BatchSpanProcessor is significantly more efficient than SimpleSpanProcessor, especially in high-load scenarios.

CharacteristicSimpleSpanProcessorBatchSpanProcessorObservations
Processing PatternProcesses and exports each span individuallyGroups spans into batches before exportingBatchSpanProcessor significantly reduces network overhead
Throughput~100-1000 spans/second~10000-100000 spans/secondBatchSpanProcessor can be 100x more efficient
Network CallsOne call per spanOne call per batch (e.g., 512 spans)Up to 99.8% reduction in network calls with BatchSpanProcessor
Latency100ms per span (assuming 100ms network latency)~0.2ms per span (100ms/512 spans)BatchSpanProcessor distributes latency cost across all batch spans
CPU UsageHigh (overhead per span)Low (shared overhead)Up to 90% reduction in CPU overhead with BatchSpanProcessor
Memory UsageLow (no buffer)Moderate (configurable buffer)BatchSpanProcessor uses more memory but is controllable via maxQueueSize
Back PressureDoesn't haveHas (via maxQueueSize)BatchSpanProcessor can control system overload
Use CaseDevelopment and DebugProductionSimpleSpanProcessor is not recommended for production
ReliabilityLower (more susceptible to network failures)Higher (better fault tolerance)BatchSpanProcessor has retry and buffer
ConfigurabilityMinimalHigh (batch size, queue size, delay, etc)BatchSpanProcessor offers more control
Data LossOnly loses the current span being processedLoses the entire Buffer (due to buffer)BatchSpanProcessor can preserve spans in memory
DebugEasier (straightforward behavior)

Check in the created SDK which type of processor is used and change if necessary to batch. It's interesting to configure some variables that define its limits.

We can configure by passing environment variables or defining via code.

  • OTEL_BSP_MAX_EXPORT_BATCH_SIZE (Default 512): The maximum number of spans that can be sent to the backend at once.
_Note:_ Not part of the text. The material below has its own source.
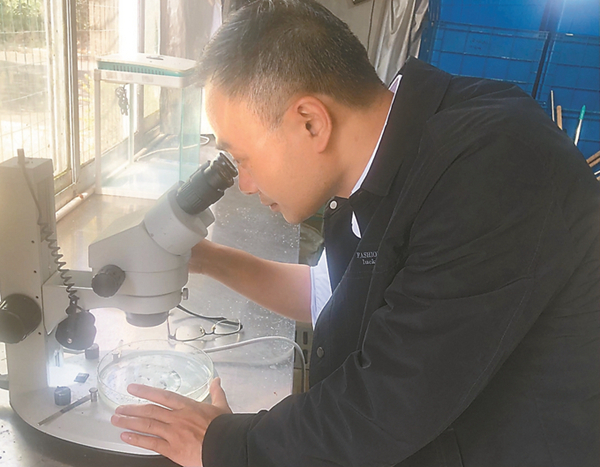 聞海波在實(shí)驗(yàn)室中觀察蟶蚌幼苗。 丁蔚文攝

It's good for it to be large, but not too large because the download and upload time will increase according to size. In this case it will send up to 512 spans at a time.

  • OTEL_BSP_MAX_QUEUE_SIZE (Default 2048):

    • It's the maximum number of spans in the queue. If it exceeds 2048 it will discard.
  • OTEL_BSP_SCHEDULE_DELAY (Default 5000, 5s)

    • Every 5 seconds the processor tries to export the accumulated spans. If there are no spans in the buffer, nothing is sent. If there are spans, it sends up to the limit defined in OTEL_BSP_MAX_EXPORT_BATCH_SIZE.
  • OTEL_BSP_EXPORT_TIMEOUT (Default 30000, 30s):

    • The exporter sends the spans to the backend and waits up to X milliseconds (e.g., 30000ms = 30 seconds) for a response.
    • If the backend doesn't respond in that time the operation is considered failed and the spans can be discarded or tried again depending on the configuration.